What is the purpose of GASB 77? 

The purpose of this statement is to provide financial statement users with essential information about the nature and magnitude of the reduction in tax revenues through tax abatement programs. In doing so, this will allow users to better understand a government’s financial situation—from knowing where its resources come from to ensuring compliance with legal or contractual requirements.

What does GASB 77 require?  

The statement requires governments to disclose relevant tax abatement information on their financial statements. This applies to a government’s own tax abatement programs, as well as those entered into by other governments that reduce the reporting government’s tax revenues.

The statement requires governments that enter into tax abatement agreements to disclose the following information:

•    Brief descriptive information, such as the tax being abated, the authority under which tax abatements are provided, eligibility criteria, the mechanism by which taxes are abated, provisions for recapturing abated taxes, and the types of commitments made by tax abatement recipients
•    The gross dollar amount of taxes abated during the period
•    Commitments made by a government, other than to abate taxes, as part of a tax abatement agreement

Do tax increment financing (TIF) districts apply under GASB 77?

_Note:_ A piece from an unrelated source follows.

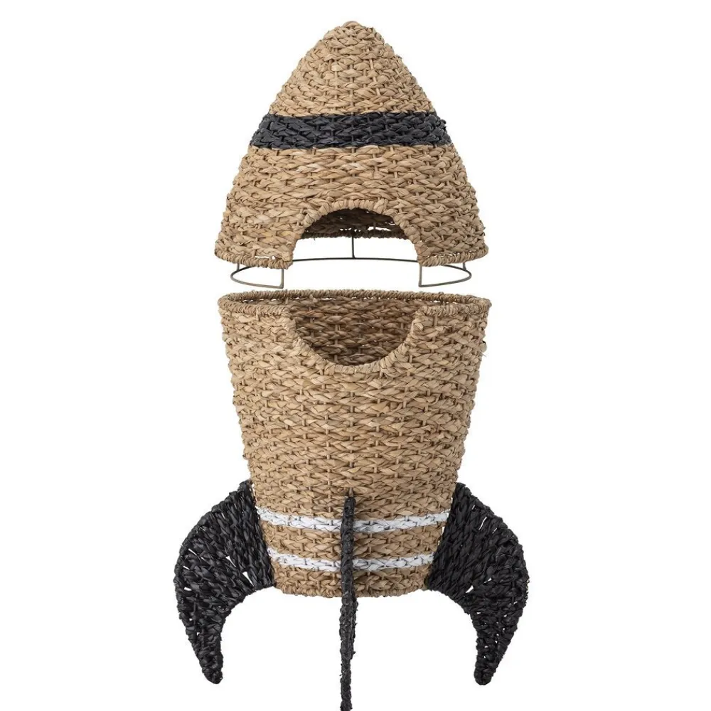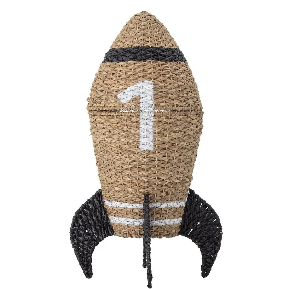 Nutze diesen wundervollen, handbemalten Korb Cosmina von Bloomingville Mini als praktische Aufbewahrungsmöglichkeit im Kinder Zimmer. In Form einer Rakete macht es mit diesem Korb aus Seegras und Rattan sogar Spaß aufzuräumen. Er bietet Platz für Spielzeug, Kuscheldecken oder Wäsche.
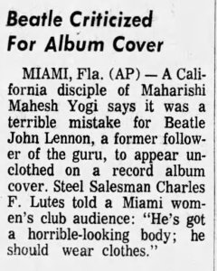 John Lennon, who was officially divorced for about a month, wasn’t so coy. Naked on record racks since November 1968 — more in theory than in practice, since the record wasn’t easy to purchase — John and girlfriend Yoko Ono were as public a thing as possible. For all the commentary and protest of the Two Virgins cover, one that was published in American papers this week was perhaps a low blow, when a former disciple of the Maharishi objected to John’s depiction because “he’s got a horrible-looking body.” His body of work was set to expand — he’d rehearse for an imminent performance on the Rock and Roll Circus the following day.

The following criteria should be used to determine whether or not a TIF district applies under GASB 77:

•    Is the agreement with an individual or an entity?
•    Is the party in the agreement required to perform any additional actions?
•    Does the agreement actually result in a reduction or loss of tax revenue?

Example A: The city is planning a street reconstruction project along with a demolition of an old city-owned building to create marketable real estate. To fund the project, the city issues general obligation tax increment bonds (or interfund loans). The increment anticipated for the redevelopment will make the debt payments in the future. This example does not apply under GASB 77.

Example B: The city and the developer enter into an agreement in which the developer incurs costs for property improvements. In return, the city will reimburse the developer for some costs as the city collects future increment for the increased property value and tax capacity related to the economic development. This example applies under GASB 77.

If my organization is affected, what should I do?  

If your organization may be affected by these new rules, call your auditor. It’s important to understand the requirements of this new statement; you don’t want to miss anything. It may be difficult to determine which agreements qualify as tax abatements—and that’s where your auditor would be able to help.